# falcon 2 problemas and modifications



## amayumi (May 31, 2013)

dear sirs

my falcon arrived and i start to shoot it.

its a good slingshot and i am happy with it.

but some problems arises and i am here to obtain some help.

1) the wrist band: its narrow and stiif. but i did like TEX and make it wider, using a baby sock to cover the band.

2) i noticed some roughness that can harm the rubber. As TEX, i did file it too.

3) the rubber bands starts to bend over itself inside the pouch slot, forcing me to remove the pouch ends cover, straight the rubber, realign it and them recover the slot.

this problem occurs a lot, and it take much time to fix.

would anyone give some help?

i am starting to think that would be better to change the original pouch or, i dont know, to fix the rubber with a small rubber strip, wrapped over it, like in leather pouches.

any hint?

thanks a lot!


----------



## Imperial (Feb 9, 2011)

are you using tubes ? if so try this thread- http://slingshotforum.com/topic/3891-preventing-trumark-pouch-curl-from-red-bands/?p=39426


----------



## treefork (Feb 1, 2010)

Maybe drop Tex a PM if he doesn't see this post. He knows those Falcon slingshots and can help you with your falcon problem.


----------



## Dr J (Apr 22, 2013)

Good advice!


----------



## studer1972 (Mar 17, 2013)

My Falcon II has the same problems with the pouch attachment. I really like the Saunders' pouch, but that is a major irritant. I haven't had the other two issues. If the brackets on the sides of the pouch were a little bigger, it would be easier to correct.

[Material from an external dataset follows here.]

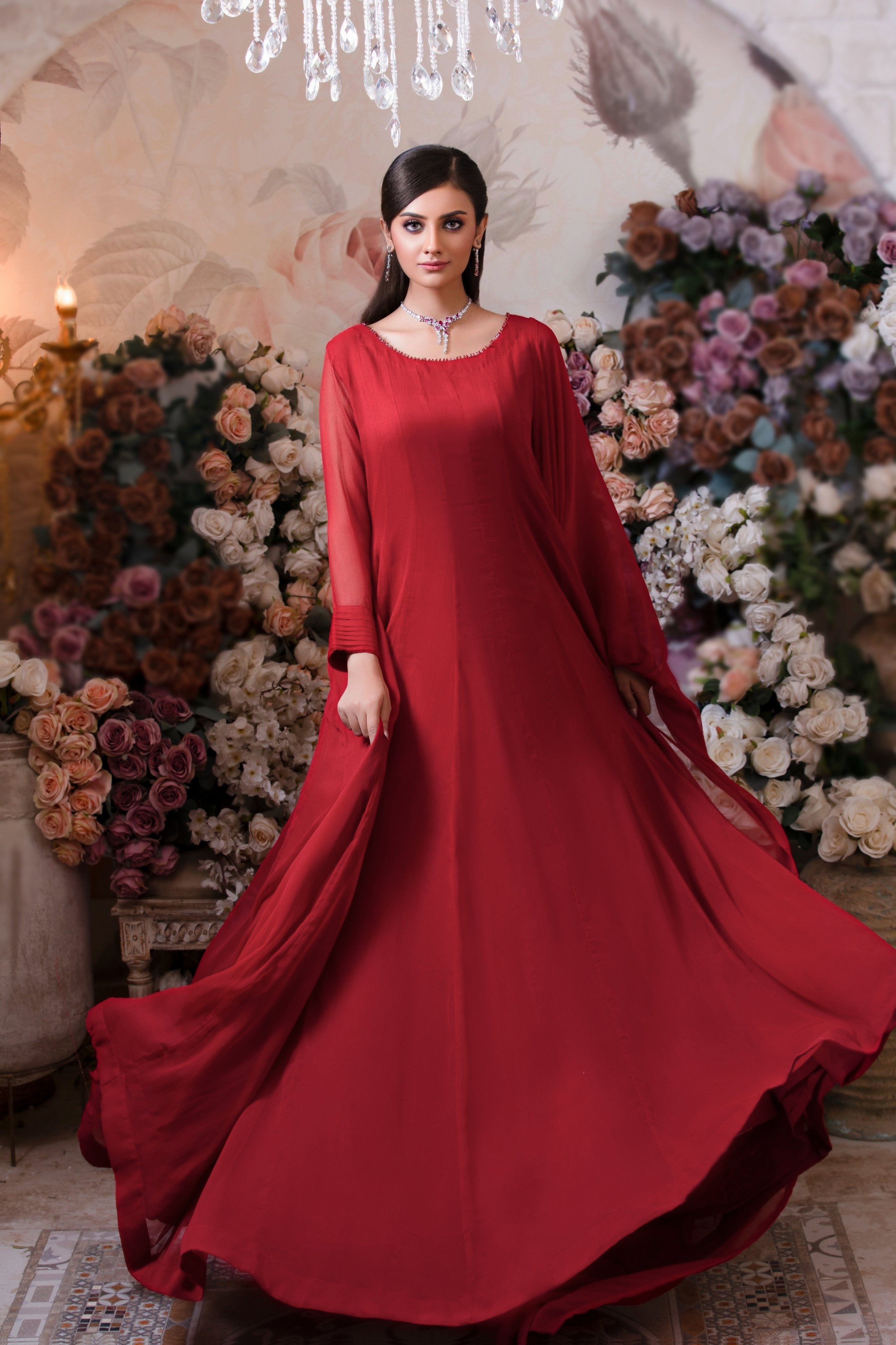 . The Most beautiful Chiffon Kalidaar (Stitched With Inner Attached) Paired With 2.5 Yard Chiffon Dupatta (Four Sided Finished). Embellished With Delicate Crystals On Neck, Fabric Quality And Stitching All Are First Rate.

Can you elaborate on what you mean about adding rubber to the pouch attachment, please?


----------



## Samurai Samoht (Apr 6, 2013)

I liked the Saunders pouch on the Black Mamba bands (double flats ) that I got, but I had the same problem with the bands folding over and migrating where they feed through the pouch. I didn't like how it created uneven bands. In the end I used an entirely different pouch to solve this. I tied rubber strips by the pouch to keep the bands from migrating. It worked out well since I like shooting various sizes of ball bearing and the stock pouch is more exclusive to 50 cal. Its worth a try to fasten the original pouch using rubber strips like you mentioned though.


----------



## sickste (Jan 15, 2014)

I emailed chuck at Saunders about this and he advised me to glue with rubber cement the first 1cm of band next to the pouch, I used silicone sealant instead of rubber cement and that seems to have done the trick. I've had no problems with bands folding in the pouch clip since i did this a couple of hundred shots ago.


----------



## studer1972 (Mar 17, 2013)

Thanks for the tip, sickste!


----------